If you're already having to pass in an explicit generic with let k = x.dictionaryKeys<string>();, I don't really see why this is any better than let k = Object.keys(x) as string[];.

You could use a function that types the array of keys based on the object, which you need to use carefully for the reasons in the thread linked by @jcalz.

const typedKeys = <T extends Record<string, any> & Record<number, never>>(obj: T): (keyof T)[] => {
    return Object.keys(obj);
}

Link

If we don't include that Record<number, never>, we actually can still pass in numeric keyed objects (due to the way things are implemented behind the scenes), and we will get bad results.

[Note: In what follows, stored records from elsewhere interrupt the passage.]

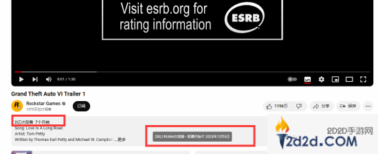 据ResetEra上的一名用户发现, Youtube上《GTA6》官方预告片的观看次数现已超过2亿次。截至撰写本文时,该预告片的观看次数已达200,189,866次,仅用了7个多月的时间就达到了这一里程碑。
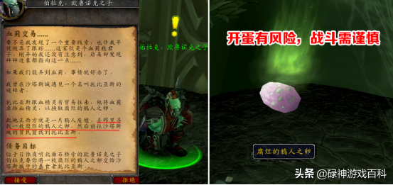 伯拉克想要用血蓟勾引血精灵特使,他要求玩家去正西方的鸦人废墟寻找一枚腐烂的鸦人之卵,然后交给沙塔斯城的托比亚斯。
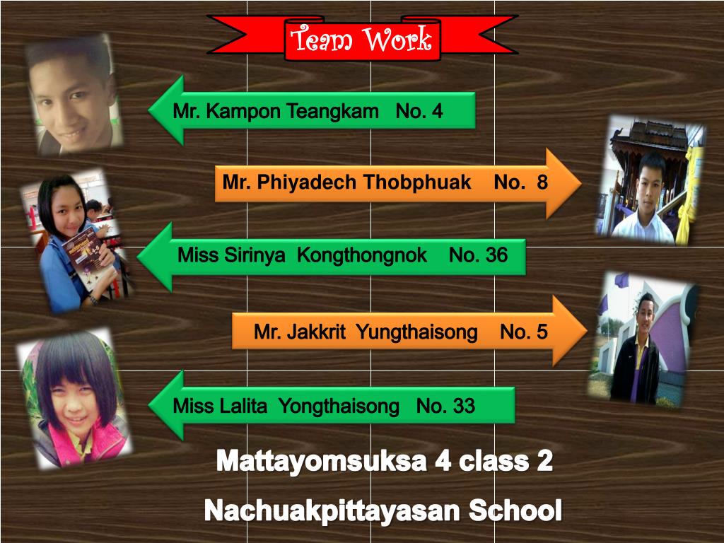 13. Team Work Mr. KamponTeangkam No. 4 Mr. PhiyadechThobphuak No. 8 Miss SirinyaKongthongnok No. 36 Mr. JakkritYungthaisong No. 5 Miss LalitaYongthaisong No. 33 Mattayomsuksa 4 class 2 Nachuakpittayasan School
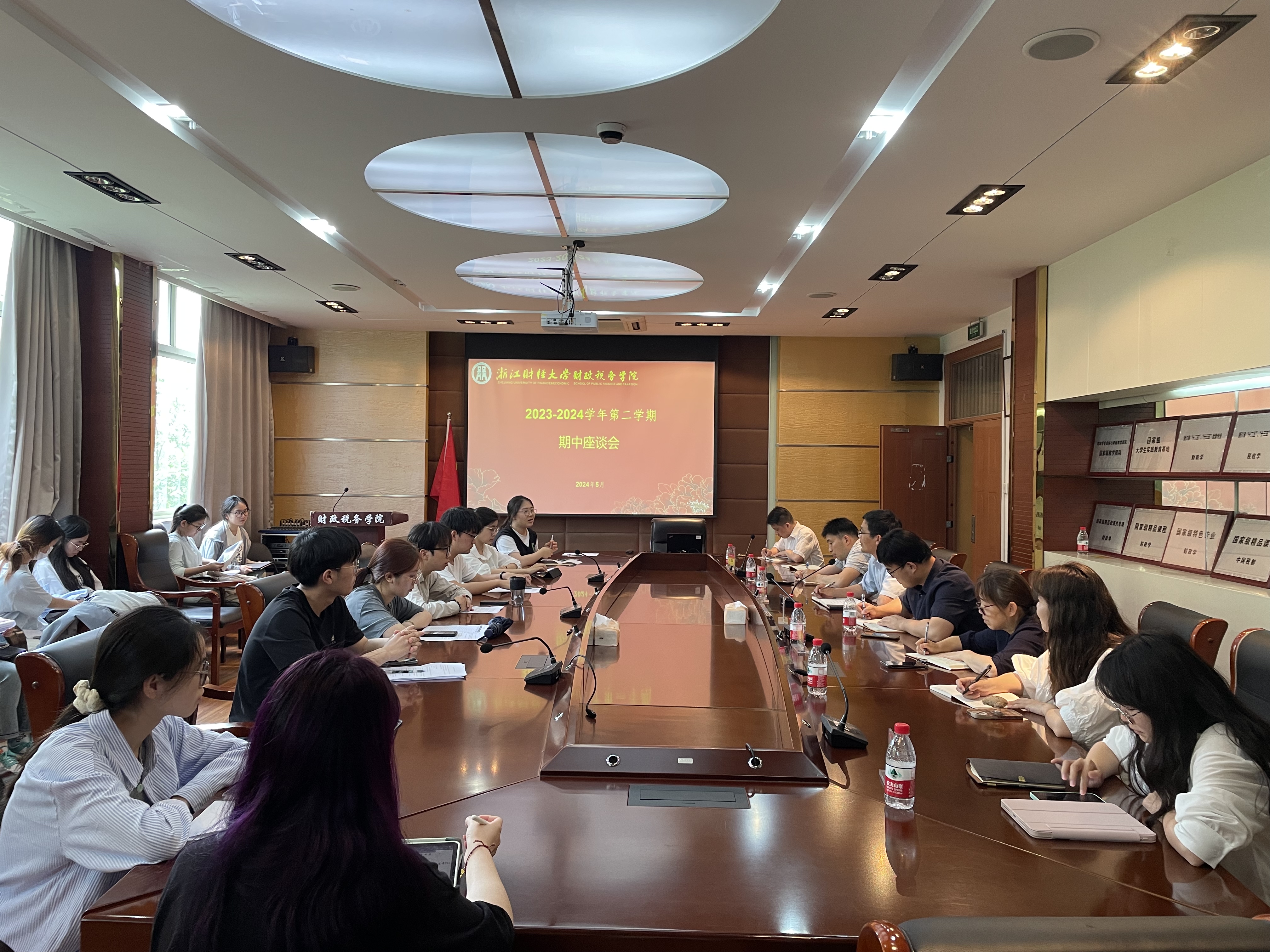 5月21日,yl23411永利官网登录在公司楼307会议室召开了本科生期中教学座谈会,本次会议由教学副经理张帆主持。财政系主任鲁建坤,税务系主任田磊,本科教学督导组组长骆勤,教学秘书,辅导员出席,全体教学信息员参加会议。
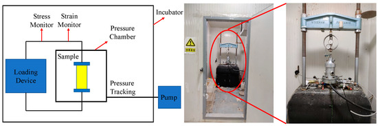 The high-pressure and low-temperature triaxial test system for HBSs of the Institute of Mechanics, Chinese Academy of Sciences, was adopted, as shown in Figure 4 [42]. The sample is placed in the pressure chamber, the confining pressure (σ3) is provided by the pump, the longitudinal load (σ1 − σ3) is provided by the loading device, test data can be recorded by the stress–strain monitor, and the whole system is placed in the incubator, which provides a low temperature. The temperature range of the incubator is −20 °C to 30 °C, which could be set at a constant value during tests (±0.5 °C). The pump can provide a maximum confining pressure of 14 MPa. The sample size has a diameter of a length and the dry bulk density of the sample is .
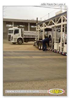 Em sua segunda viagem desde que foi adiquirida pela Ford de Fortaleza, uma cegonheira está trancada na SC-444, desde às 15h, desta sexta-feira, dia 24. O acidente aconteceu próximo ao cruzamento da rodovia com a BR-101, na Vila Nova.
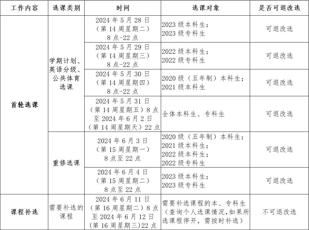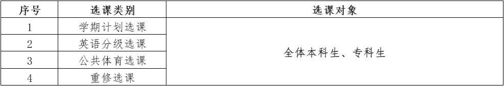 本、专科生2024-2025学年第一学期课程选课将于2024年5月28日(第14周星期二)早上8点开始,现将选课相关事项通知如下。 一、选课类别及选课对象
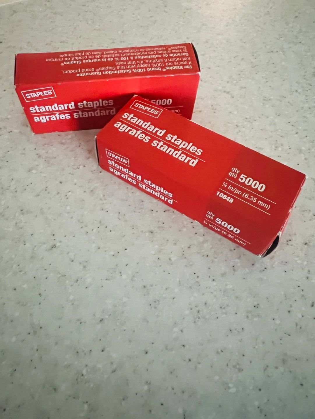5000 standard staples, 1/2 inch in size. Package may have minor wear.
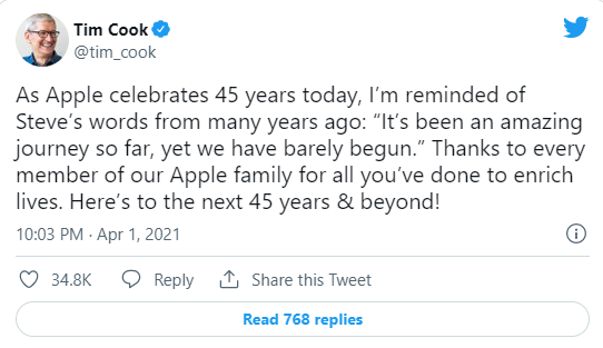去年 4 月 1 日,CEO 蒂姆・库克在纪念苹果公司成立 45 周年时发了一条推特,回顾了他的朋友和同事、联合创始人史蒂夫・乔布斯。

const typedKeys = <T extends Record<string, any>>(obj: T): (keyof T)[] => {
    return Object.keys(obj);
}

const a = {
    1: "",
    2: "",
};

const b = {
    one: "",
    two: "",
};

const aKeys = typedKeys(a); // we might expect a problem passing in an object with numeric keys, but there is no error
console.log( aKeys );  // BEWARE: typescript says the type is `(1|2)[]`, but the values are `["1", "2"]`

const bKeys = typedKeys(b);
console.log( bKeys ); // this one is fine

Link

You could use a function that allows you to explicitly declare the key type. Here the generic describes the keys rather than the object, so I am calling it K for clarity. We use as K[] to narrow the type to a subset of string. Since Object.keys returns string, we cannot return anything that is not assignable to string[].

const typedKeys = <K extends string>(obj: Record<K, any> & Record<number | symbol, never>): K[] => {
    return Object.keys(obj) as K[];
}

const b = {
    one: "",
    two: "",
};
 
const bKeys = typedKeys(b); // type is ("one" | "two")[], with no generic, the type is infered to these specific keys

const stringKeys = typedKeys<string>(b); // type is string[]

const badKeys = typedKeys<number>(b); // error type 'number' does not satisfy the constraint 'string'

Link